We wrapped it up a short while later calling it a night. My friend said she would send me the pics. I honestly had little hope of many good ones being captured.

Later that evening I received an email from her with several images to choose from. As I scrolled through the images I shook my head in amazement.

The pictures were nothing like I had originally desired them to be. None of my pre-planned "poses" had panned out. Instead what was captured, was life. Pictures of my son with a big silly grin, because I could only get him to sit still for 10 seconds at a time before he ran off excitedly. Quiet moments of me alone looking down at my belly, when Milo was off playing in the field. Pictures of his sweet little curls because the back of his head was all he was giving to us.

No they weren't planned. No they weren't perfect.

They were better. They were life. They were real.

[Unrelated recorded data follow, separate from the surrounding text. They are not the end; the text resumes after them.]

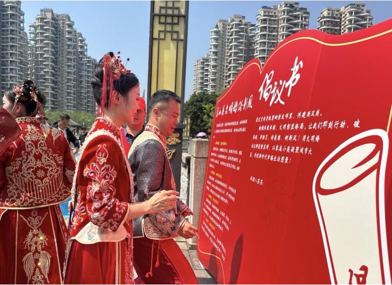 “这场集体婚礼太有意义了!既有满满的仪式感,又省去了繁琐的流程。”新人田皓天难掩喜悦之情,他表示,回去后一定会把这次特别的体验分享给同事和亲朋好友,积极宣传婚事新办、简办的新风尚。
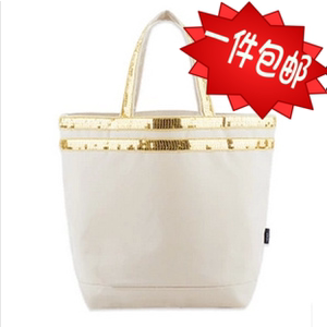 包邮新款日杂附录金色亮片白色托特手拎包单肩包购物袋新款可批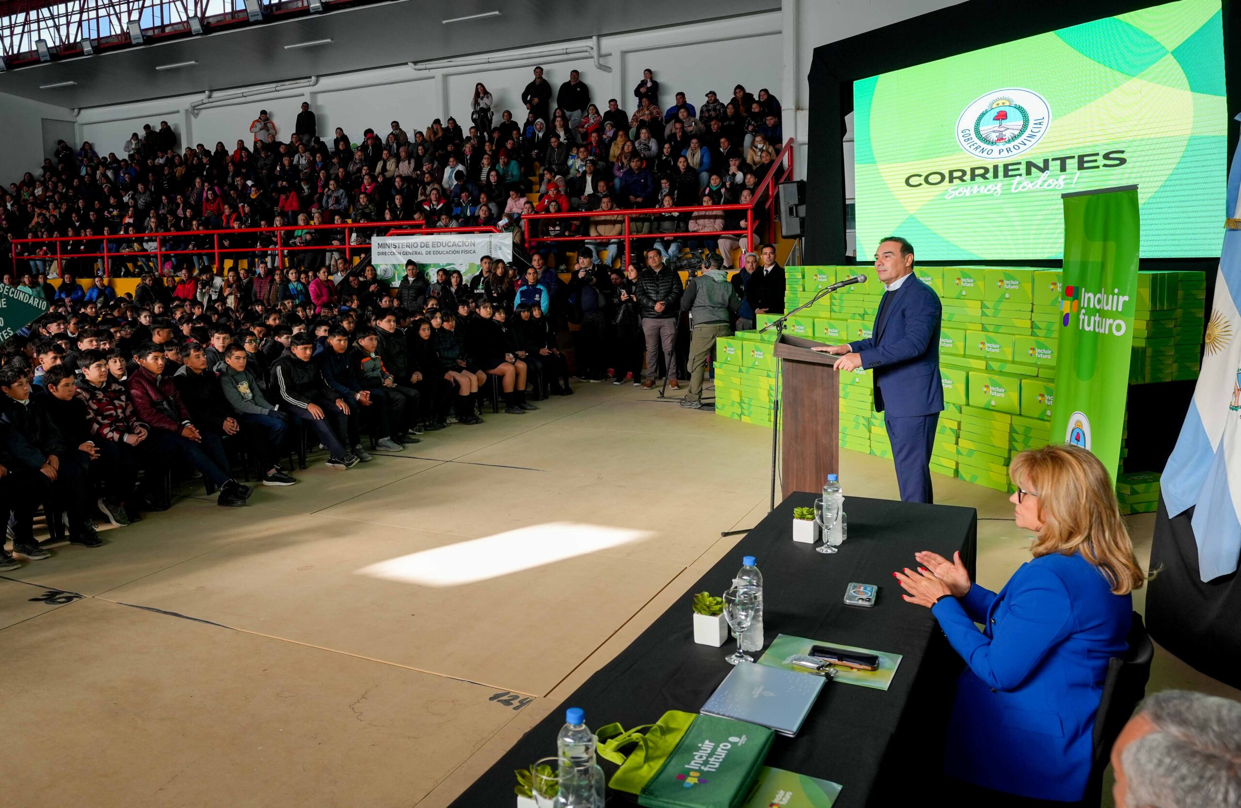 Con el objetivo de reducir la brecha digital y brindar igualdad de oportunidades, el gobernador Gustavo Valdés presidió esta mañana un nuevo acto de entrega de notebooks del programa “Incluir Futuro”, esta vez en el Centro de Educación Física Nº 1, oportunidad en la cual se otorgaron 895 dispositivos digitales a colegios secundarios capitalinos.
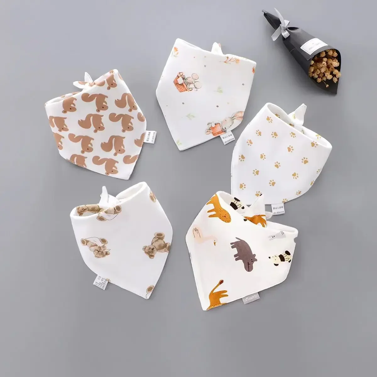 Lot de 5 bavoirs en coton à motifs de dessins animés : serviettes pour nourrir bébé et éliminer la salive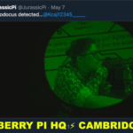 “…pressing a button at the back of the head unit makes the Raspberry Pi search Twitter for mentions of @JurassicPi. The LEDs light up green while it searches, just like you remember from the film. If Estefannie’s script finds a mention, the LEDs flash white and the Raspberry Pi camera module takes a photo. Then they light up blue while the script tweets the photo”.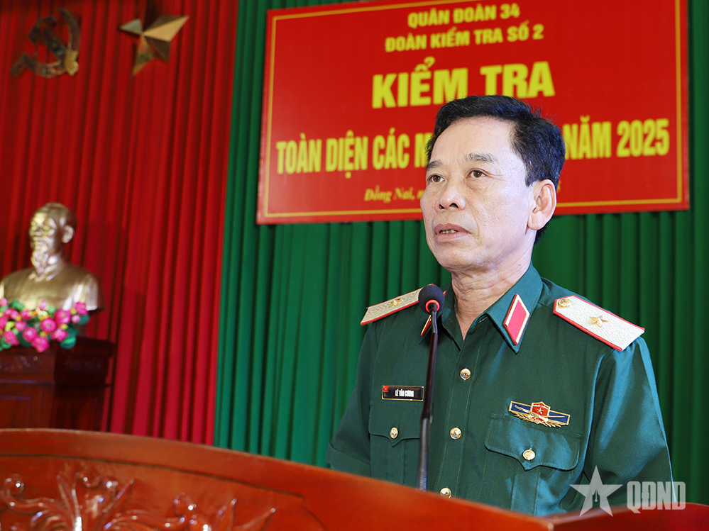 Thiếu tướng Lê Văn Cương, Phó tư lệnh Quân đoàn 34 phát biểu chỉ đạo kiểm tra.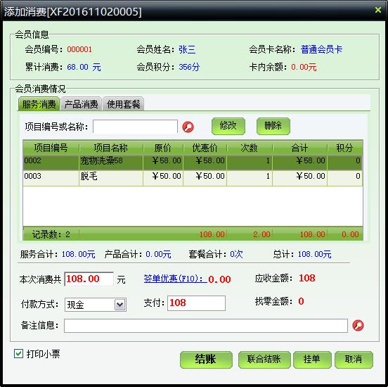 | 一次消费可以包括服务(护理)、产品、套餐三种,可为每一项添加服务人员和床位,结账后计算提成。付款方式非常方便,现金、信用卡、代金券等常见结算方式都有。 | |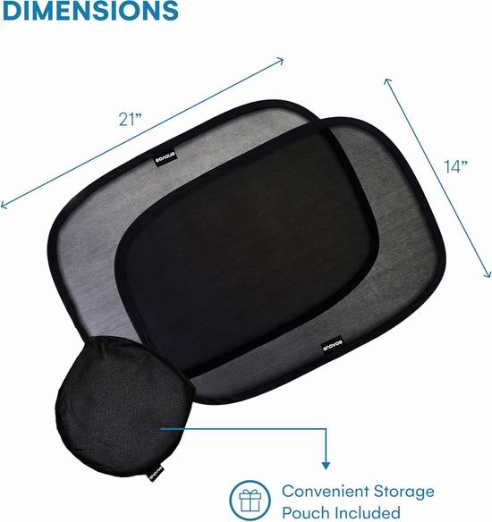 这款车窗遮阳罩可提供97%的紫外线和眩光防护,双层设计,一面是网状面料,视野开阔,另一面是静电吸附,方便固定。适用于大多数车型,安装简便,只需将其放在车窗上,然后用手抚平即可。尺寸为21 x 14英寸。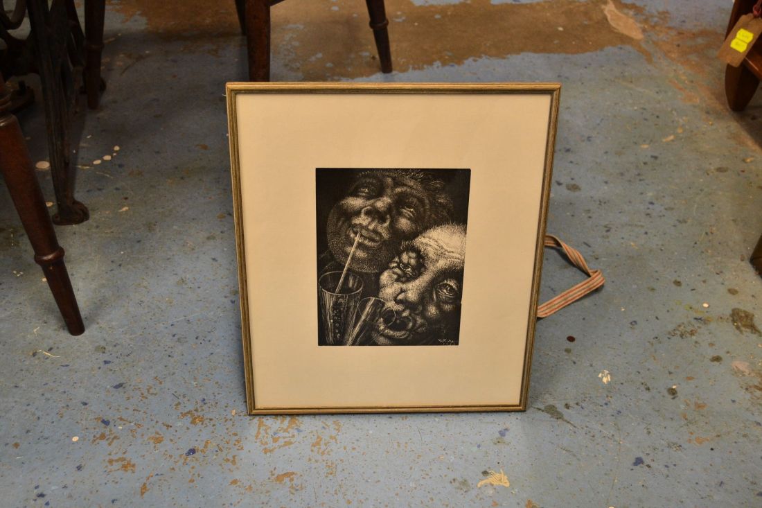 Mõõdud koos raamiga 225 x 315mm. Raamitud, klaasitud. Eduard Viiralt. Kolm naist Pehmelakk. 1932. Trükirepro aastast 1978. Mai Levini koostatud, Alfred Rõude kollektsiooonist originaalsuuruses reproduktsioon. Esineb kriime, täkkeid, kasutustunnuseid. Tarne pakiautomaati

They accurately show the last few precious moments as a family of two before we grow to a family of three. They show how we are rejoicing in the miracle that is this sweet baby girl.

These pictures capture that. They stay true to that. They honor that.

Life isn't always a series of picture perfect photo sessions. We aren't always styled the way we want to be. We don't always look the way we want to look. They don't always turn out the way we want them to turn out.

But what if we let go of our preconceived notions of what life "should be" and simply rejoiced in what it is?

Unknown. Chaotic. Imperfect. Real.

Why do we try so hard to paint a picture of perfection? We all know life never is.

I will always remember this photo shoot for what it was, not for what it wasn't. The day we captured life in all its imperfect glory and marveled at its beauty still.